Under Nevada law, all drivers are required to have liability insurance in the amount of $25,000 in bodily injury coverage per person, $50,000 in bodily injury coverage per accident, and $20,000 in property damage coverage. Liability coverage applies when you have caused an accident. In other words, when you are liable for the accident.
However, liability insurance will not help you when the other driver is responsible for the accident. In that case, the other driver’s liability insurance provides coverage for the injuries you have suffered in the accident. But, unfortunately, many people do not obey the law and drive without any insurance at all. Or, if they do have insurance, the majority of people only have the minimum amount required by law.
So, if you find yourself in an accident with a person who does not have insurance, what do you do? Or, if you are hit by someone who only carries the minimum amount of coverage required by Nevada law and your medical expenses far exceed that coverage, what do you do?
To avoid potential catastrophe by being involved in a collision under one of the above scenarios, you can purchase uninsured/underinsured (UM/UIM) coverage. All insurance carriers in Nevada must provide consumers with the opportunity to purchase UM/UIM coverage. (Nev. Rev. Stat. Ann. 690.020B(1)).
However, consumers are not required by law to purchase the insurance and can instead reject the coverage in writing. Unfortunately, many drivers do reject the coverage because they do not understand what it offers them and how important it can be in the event of an accident.
What is Uninsured/Underinsured (UM/UIM) Coverage in Nevada?
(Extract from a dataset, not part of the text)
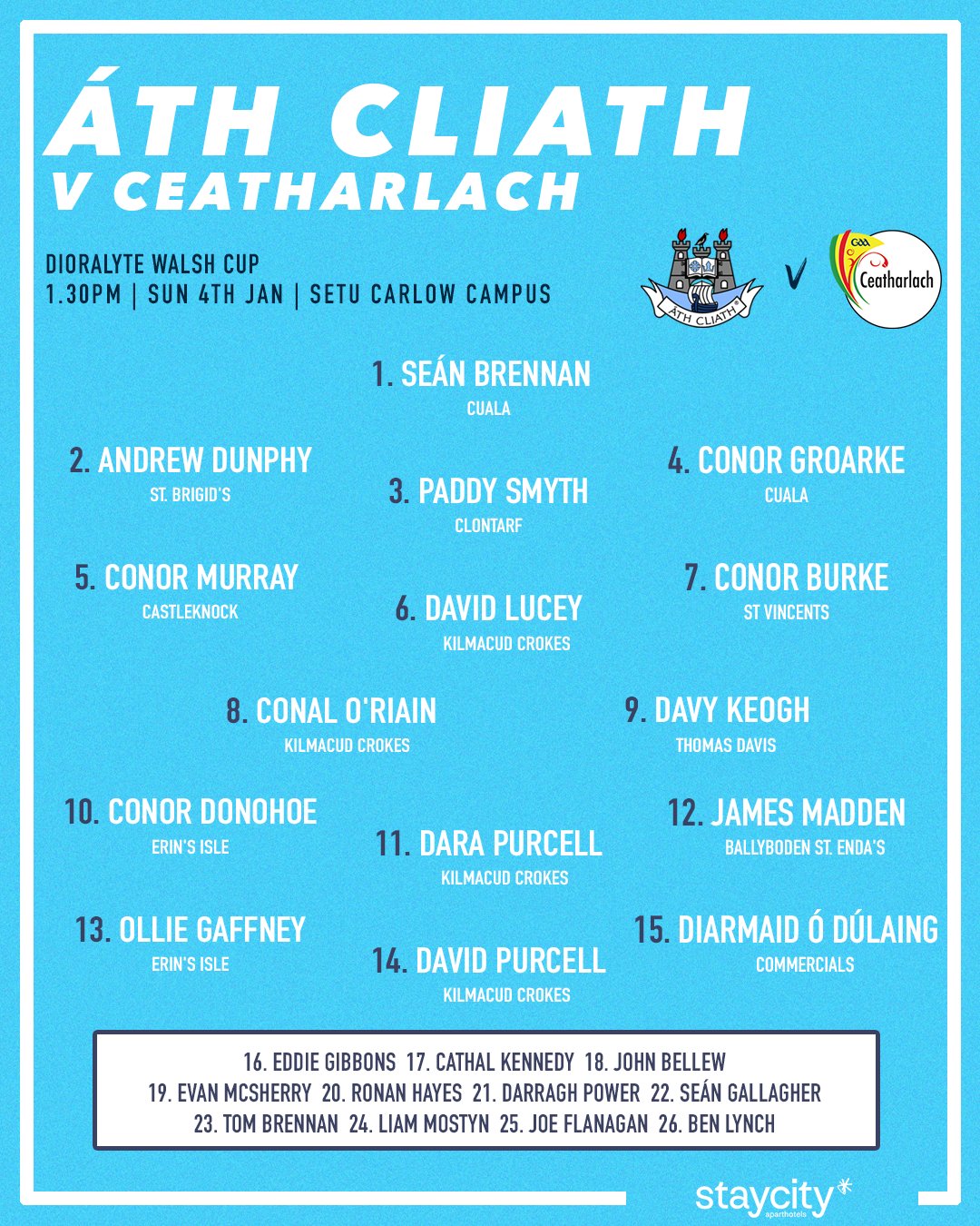 Scorers – Dublin: C Donohoe 1-4 (0-1f), C O’Sullivan 1-3 (0-2f), D Keogh 1-2, D Kenny (2f), O Gaffney 0-3 each, C Kennedy, L Mostyn 0-2 each, C Boyle (f), S Gallagher, T Brennan, N Hogan, J Madden 0-1 each. Westmeath: D Williams 1-3 (1-3f), E Keyes 1-0, K Doyle 0-3 (3f), E Cunneen, J Coll, D McCormack 0-2 each, P Clarke, J Gillen 0-1 each.

Uninsured/Underinsured (UM/UIM) coverage is a product offered by insurance companies that can be purchased as an additional policy to a liability policy or as a policy endorsement to a liability policy. If a driver does purchase the additional coverage, it will of course raise the driver’s premiums, but it will also offer additional coverage if the driver is hit by an adverse driver and the adverse driver does not have enough coverage to pay the driver’s damages, which is called underinsured motorist coverage.
Or, it offers additional coverage when a driver is hit by an adverse driver and the adverse driver does not have any insurance, which is called uninsured motorist coverage. UM/UIM coverage is limited to what is called compensatory damages, which include damages for pain and suffering, medical expenses, and lost wages. UM/UIM coverage does not include recovery against the policy for punitive damages.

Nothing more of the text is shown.